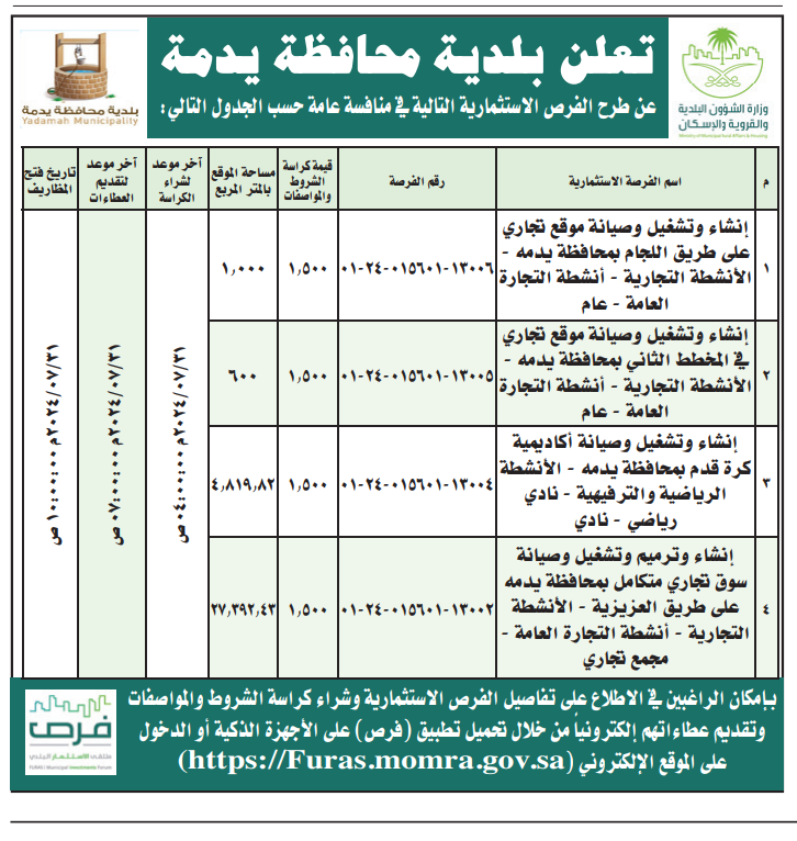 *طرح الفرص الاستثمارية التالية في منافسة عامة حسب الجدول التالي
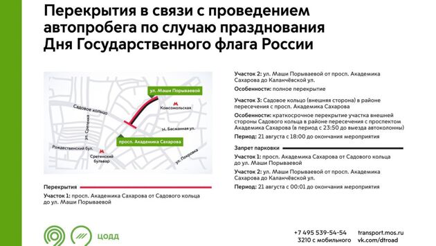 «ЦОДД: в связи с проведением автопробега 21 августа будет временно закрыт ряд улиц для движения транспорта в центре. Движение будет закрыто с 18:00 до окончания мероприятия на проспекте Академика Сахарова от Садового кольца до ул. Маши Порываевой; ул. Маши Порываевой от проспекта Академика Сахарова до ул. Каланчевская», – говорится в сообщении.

...

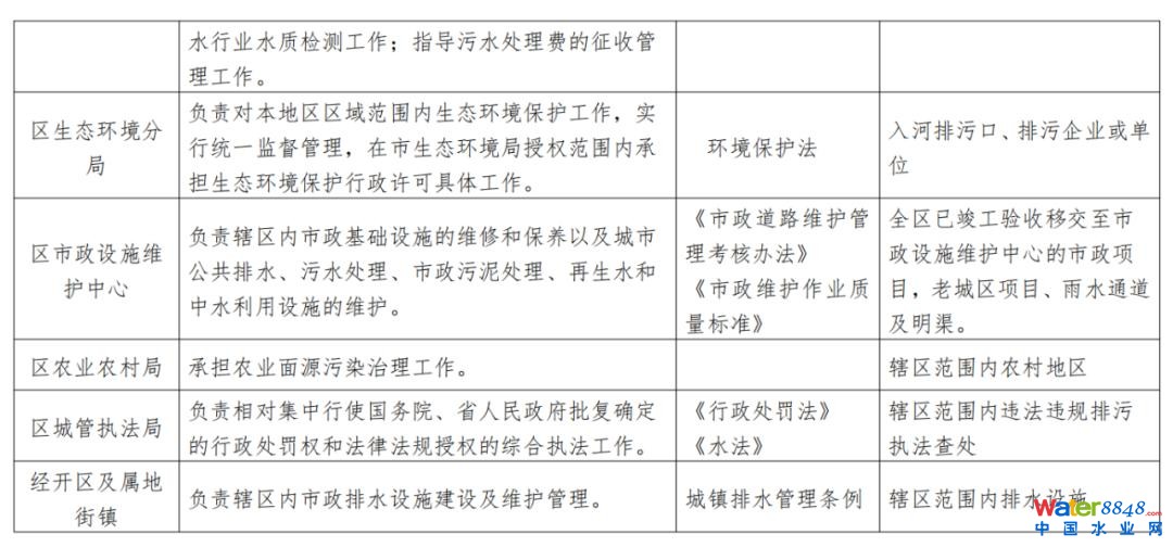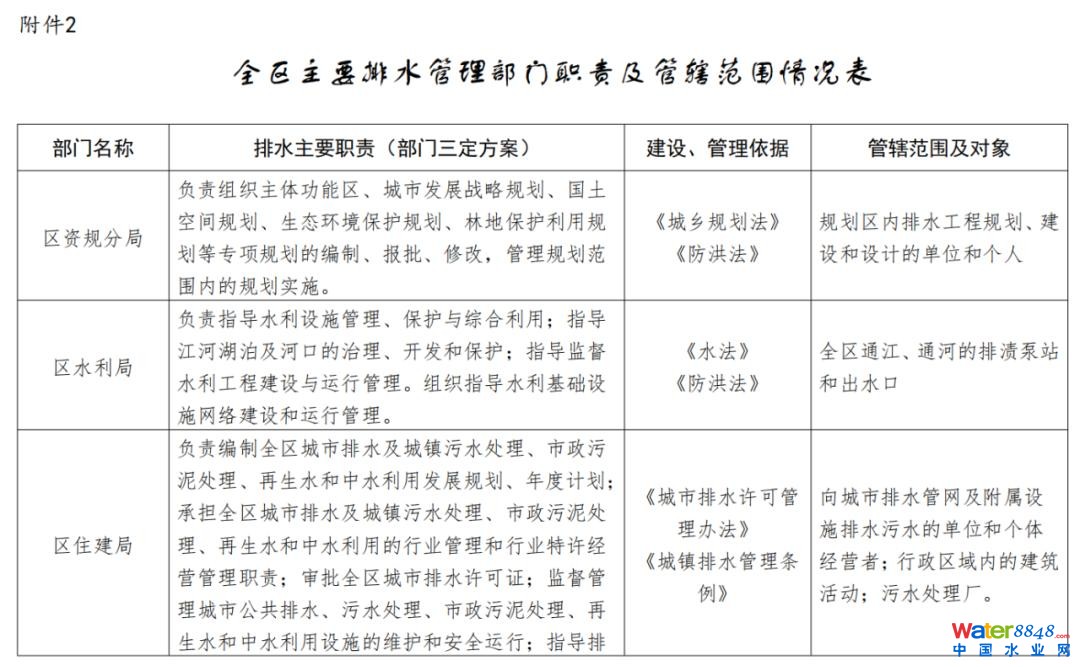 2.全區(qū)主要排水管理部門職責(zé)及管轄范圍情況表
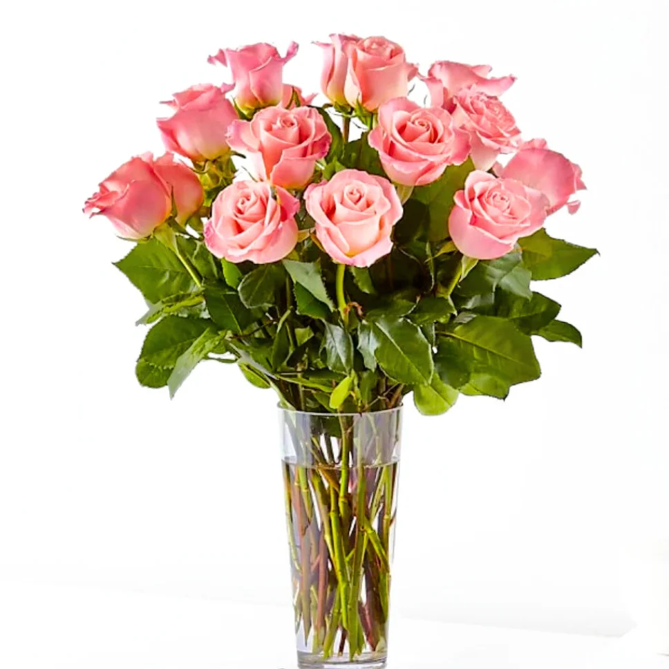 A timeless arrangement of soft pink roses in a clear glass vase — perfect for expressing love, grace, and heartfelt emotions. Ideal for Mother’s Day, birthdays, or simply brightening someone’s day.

==

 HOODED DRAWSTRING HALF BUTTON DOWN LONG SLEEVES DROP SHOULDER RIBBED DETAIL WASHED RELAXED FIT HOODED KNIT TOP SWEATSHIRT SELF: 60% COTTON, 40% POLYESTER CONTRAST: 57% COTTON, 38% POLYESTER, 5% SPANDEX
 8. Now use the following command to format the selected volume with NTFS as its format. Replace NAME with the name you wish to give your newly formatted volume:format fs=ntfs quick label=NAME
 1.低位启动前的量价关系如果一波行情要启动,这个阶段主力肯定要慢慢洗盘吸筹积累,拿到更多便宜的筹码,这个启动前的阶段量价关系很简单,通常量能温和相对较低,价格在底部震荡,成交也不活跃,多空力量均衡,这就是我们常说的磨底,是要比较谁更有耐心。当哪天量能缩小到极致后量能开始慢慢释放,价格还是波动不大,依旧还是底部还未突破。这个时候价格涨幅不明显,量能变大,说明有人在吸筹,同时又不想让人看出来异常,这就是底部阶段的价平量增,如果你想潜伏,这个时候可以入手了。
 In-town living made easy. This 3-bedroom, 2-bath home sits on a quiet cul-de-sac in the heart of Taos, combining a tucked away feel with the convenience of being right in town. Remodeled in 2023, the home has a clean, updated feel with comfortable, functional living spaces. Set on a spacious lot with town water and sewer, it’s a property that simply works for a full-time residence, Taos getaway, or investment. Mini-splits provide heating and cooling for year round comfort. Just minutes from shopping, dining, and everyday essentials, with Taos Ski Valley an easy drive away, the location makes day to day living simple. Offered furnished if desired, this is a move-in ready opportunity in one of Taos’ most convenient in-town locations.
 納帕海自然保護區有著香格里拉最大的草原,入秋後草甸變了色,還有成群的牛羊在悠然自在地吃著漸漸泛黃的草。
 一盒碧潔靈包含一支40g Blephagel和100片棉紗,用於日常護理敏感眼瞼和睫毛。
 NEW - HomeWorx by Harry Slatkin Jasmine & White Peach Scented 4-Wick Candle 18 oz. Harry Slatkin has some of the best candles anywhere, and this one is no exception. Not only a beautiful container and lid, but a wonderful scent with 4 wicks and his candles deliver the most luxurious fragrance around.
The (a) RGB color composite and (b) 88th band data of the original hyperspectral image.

» **Exercise directions**
Every line in the entries above that mentions the word "with" must be shown.

» **Completed exercise**
 8. Now use the following command to format the selected volume with NTFS as its format. Replace NAME with the name you wish to give your newly formatted volume:format fs=ntfs quick label=NAME
 In-town living made easy. This 3-bedroom, 2-bath home sits on a quiet cul-de-sac in the heart of Taos, combining a tucked away feel with the convenience of being right in town. Remodeled in 2023, the home has a clean, updated feel with comfortable, functional living spaces. Set on a spacious lot with town water and sewer, it’s a property that simply works for a full-time residence, Taos getaway, or investment. Mini-splits provide heating and cooling for year round comfort. Just minutes from shopping, dining, and everyday essentials, with Taos Ski Valley an easy drive away, the location makes day to day living simple. Offered furnished if desired, this is a move-in ready opportunity in one of Taos’ most convenient in-town locations.
 NEW - HomeWorx by Harry Slatkin Jasmine & White Peach Scented 4-Wick Candle 18 oz. Harry Slatkin has some of the best candles anywhere, and this one is no exception. Not only a beautiful container and lid, but a wonderful scent with 4 wicks and his candles deliver the most luxurious fragrance around.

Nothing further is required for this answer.